One of the big mysteries of biology is precisely how living things, including us, are affected by the seasons. We know we are—we feel it most acutely in the darkest days of winter—but how does it work?
There are a few clues and there's a lot to observe. This year's winter solstice—when the sun is farthest from the equatorial plane—falls on Dec. 21 at 7:22 p.m. ET. So, we're approaching the midnight of the year—the time of minimum sunlight and maximum night—when most of us feel a little dormant, a bit groundhogish. Some animals and birds have moved south, some are curled up in a cozy den. Some people have also flown south.
Those of us who are staying put experience a semihibernation. (Until March, I pretty much feel as though I've just gotten off an airplane flight from Moscow.) We are sluggish, gloomier than usual, sleepier; we're eating pasta with three kinds of bread; and we're tempted in our low state to drink terrible things like eggnog and pumpkin-spice latte.
The green things of the world, which don't have the option of migrating or overeating, are affected more drastically. Most trees and bushes are bare, annual plants have gone to seed and died, perennial plants have died back to their roots. (Note that we're talking temperate zone, Northern Hemisphere, and not counting evergreens.)

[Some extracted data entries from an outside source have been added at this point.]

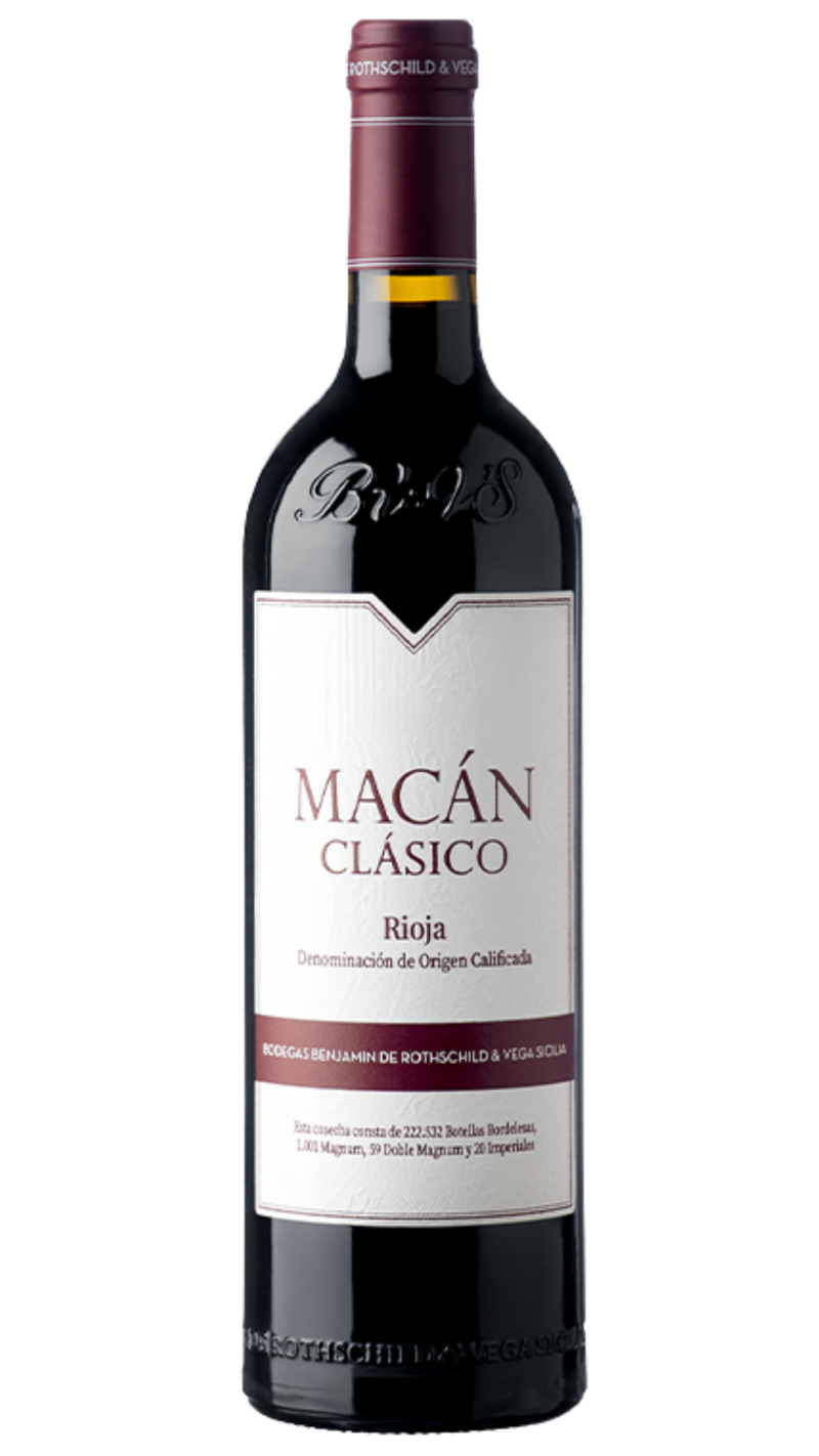 Macán Clásico es la interpretación más accesible y vibrante del proyecto conjunto entre Benjamín de Rothschild y Vega Sicilia en la D.O.Ca. Rioja. Un monovarietal de Tempranillo que refleja con precisión el carácter de la Rioja Alavesa: frescura, equilibrio y elegancia.
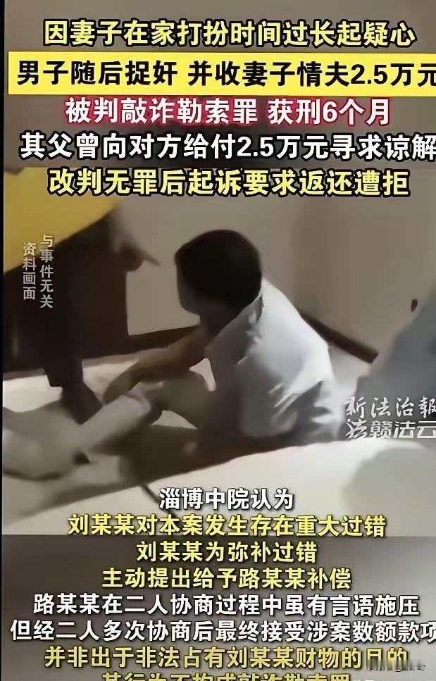 你说这世道怪不怪?淄博有个老哥,姓路,某天瞅见老婆出门送娃上辅导班,居然描眉画眼的。他心里咯噔一下:送个孩子而已,至于这么折腾吗?就跟后面去了。结果在辅导班楼下的酒店,推门进去——自己老婆跟陌生男人躺一块儿呢。孩子还在楼上上课,当妈的却在楼下干这档子事。路某那股火啊,压不住,给了那男的一拳。男的叫刘某,自知理亏,没敢还手,当场提出赔钱私了。两人掰扯半天,刘某转账2万5,路某收了。 事儿要是到这儿,也算民间私了。可刘某回头琢磨,这钱花得冤,报警说路某敲诈勒索。路某老爹怕儿子进去,赶紧把钱退了,刘某写了谅解书。结果呢?2021年,张店区法院判路某6个月,罚金5千。路某不服啊,我戴绿帽子还坐牢,奸夫淫妇屁事没有?上诉,淄博中院驳回,维持原判。 这判决当时我就看不懂。法律保护的是啥?刘某明知对方有老公,还睡人家老婆,这叫"违背公序良俗"吧?怎么反倒成了受害者?路某那一拳是冲动,可2万5是刘某主动提的补偿,怎么就变成"暴力威胁索要财物"了? 转机拖到2023年。山东高院看不下去,指令再审。淄博中院这回认账了:刘某过错在先,钱是自愿给的,路某不算敲诈,改判无罪。四年啊,路某背了案底、丢了脸面,才等来这句"无罪"。 可故事没完。路某现在想把那2万5要回来,连利息一共2万8,起诉刘某不当得利。3月13号,张店区法院说"诉讼主体不适格",给驳了。路某打算这周再上诉。 我琢磨着,这2万5到底该归谁?路某觉得,我无罪了,钱就该是我的。可法院说这官司不能这么打。那刘某呢?睡人家老婆,钱退了,谅解书拿了,最后白睡?这里头哪一环都透着别扭。 最扎心的是路某这四年。发现老婆出轨,打了一拳,收了笔补偿,结果差点成罪犯。现在翻案了,钱却要不回来。咱们老百姓遇上这种事,到底是该忍气吞声,还是该私了?私了又怕被反咬一口,走法律吧,四年才等来清白。 这案子最近又火,就是因为路某还要上诉。你说他能赢吗?我反正捏把汗。 信息源:淄博市张店区人民法院判决、淄博中院再审裁定、路某代理律师公开回应(2023-2025) 你们觉得,这2万5该不该还给路某?换你遇上这事,敢收那笔钱吗?评论区见。
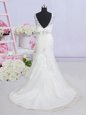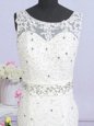 New Arrival Mermaid Scoop Backless White Sleeveless Brush Train Beading and Lace and Appliques and Bowknot Wedding Gown
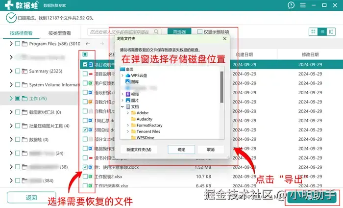 步骤2:等待软件显示“扫描完成”后,在显示扫描文件的列表中选择需要恢复的文件,点击“导出”后,在弹窗中选择恢复文件的存储位置。

Because they can't migrate or dress warmly, plants are more alert than we are about planning for winter. Back in midsummer, while we were still gaily drinking gin and tonics and wearing flip-flops, plants began to prepare to ride out their most difficult season. By the end of summer, long before temperatures began to fall, they had noted shorter day lengths and set their winter buds. They could go dormant having provided for the season after winter, the season when daylight would increase, signaling leaves and flowers to unfurl.
Plants respond to shorter days faster than we do because it's a matter of life and death for them. A plant's life is all about light, the force they use to produce their food. Plants absorb the energy of light, using it as the motor to power a rearrangement of molecules of water and carbon dioxide to make oxygen and sugar, giving the world its food and most of its oxygen.
How do plants sense that the days are getting shorter? They have, in a sense, both a clock and a calendar. It's a chemical clock, and it works at the level of the cell. Just like most mammals, plants have circadian rhythms, fluctuations of proteins that occur over the length of the day. A short day leaves some of the daytime functions unfinished. This is a hot topic for plant biologists, especially because global warming may cause plants to die out in their normal range and begin to colonize areas farther north. Dogwood trees, for example, that used to freeze north of New York will begin to grow in, say, New Hampshire. Given a warmer world, the temperature may be right, but the winter days will be shorter and the angle of light darned confusing.
A plant's calendar tells it the difference between a short day in November and a short day in March. In early spring, plants have accumulated a cellular memory of winter going by; they know warm days are coming and it's safe to leaf out.
Like plants, we have an inner clock that tracks the seasons. Luckily, here in the dead of winter, we're not experiencing something similar to losing all our leaves, but we do note, at a cellular as well as a psychological level, that there are fewer hours of sunlight.
We, too, have ways of monitoring light and we, too, have light-dependent chemical reactions. Light coming into the eyes is registered by a bundle of neurons about the size of a grain of rice. It's called, should anyone ask you, the suprachiasmatic nucleus. Light causes that bundle of neurons to fire, which suppresses the production of melatonin, known as the sleep hormone. Most of us first heard about melatonin when friends tried buying it at health-food stores to reduce jet lag or help in getting to sleep.